The attributes of each segment of the kill chain are described in the following sections.

The tools and methods available to attackers are constantly changing. In the descriptions that follow, the examples represent only a few instructive possibilities of what a security event at any given point in the kill chain. Stellar Cyber is designed to adapt over time, keeping up with the real network to detect new types of malicious activity.

Reconnaissance

An attacker is looking for a way into the network or the hosts connected to the network. Typical methods will include:

  • Port scanning
  • Brute force login attempts
  • Phishing
  • Probes of known security holes

Often these types of attacks do not need a specific response because they are most often not successful or result in any useful information.
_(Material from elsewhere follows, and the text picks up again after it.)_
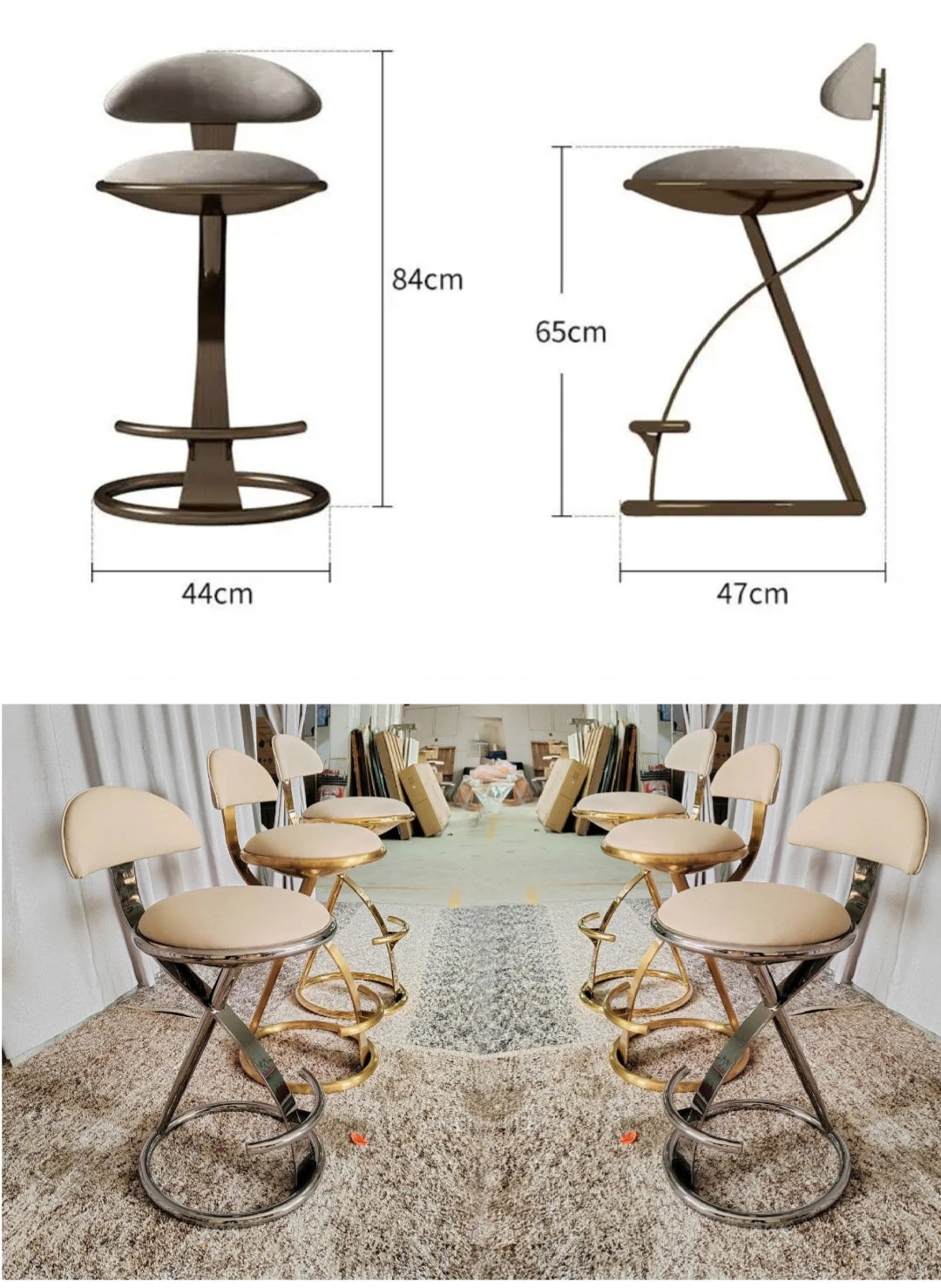 Luxury Italian Art Stool Bar Chair Stainless steel Brass color
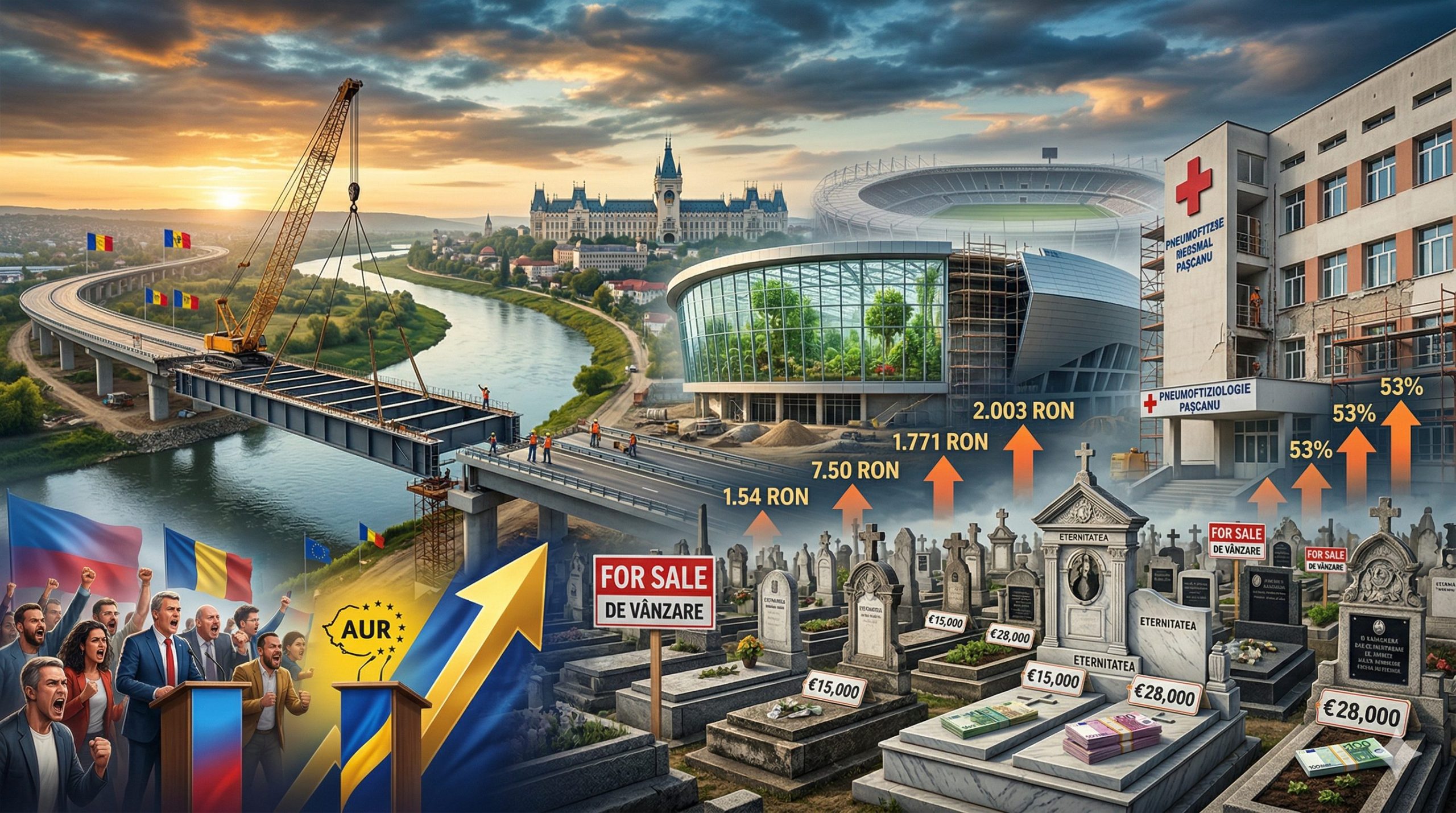 Agenda publică a acestei săptămâni a fost dominată de evoluții majore în infrastructura regională, decizii de recalculare a costurilor pentru proiectele locale și analize sociologice privind starea electoratului. Pe malul Prutului, prima conexiune rutieră la standard de autostradă cu Republica Moldova intră într-o nouă etapă de execuție. În plan local, administrația ieșeană se confruntă cu necesitatea actualizării bugetelor pentru Sala Polivalentă și Spitalul Clinic de Pneumoftiziologie, ambele proiecte înregistrând creșteri semnificative de costuri. Totodată, o analiză a pieței secundare a locurilor de veci din Iași indică tranzacții cu sume care concurează cu sectorul imobiliar rezidențial.

Stellar Cyber will still record these attacks to fill its database of known attackers and correlate it with data feeds of known attackers. This is useful if another security event appears later in the kill chain.

Delivery

The delivery phase refers to transmitting malware into a system. This can happen through several techniques:

  • Copy operation (rcp, rsync, etc.) via SSH after account access is established
  • HTTP transfer using tools such as wget or curl
  • Delivery by email
  • Removable memory device

When they occur these events may or may not be related to a reconnaissance event. Stellar Cyber uses machine learning and other resources to score the event's severity and fidelity. This scoring assists in determining the best response.

Exploitation

After delivery, an attacker's malware will generally attempt to gain access to the system. If the delivered malware does not already have administrative-level privileges to the system it will typically attempt to acquire them.

Installation

After sufficient access is acquired, the attacker's malware will often attempt to permanently install a backdoor that the attacker can use. In the process the software may attempt to hide itself in various ways to avoid detection, including system log and file system manipulation.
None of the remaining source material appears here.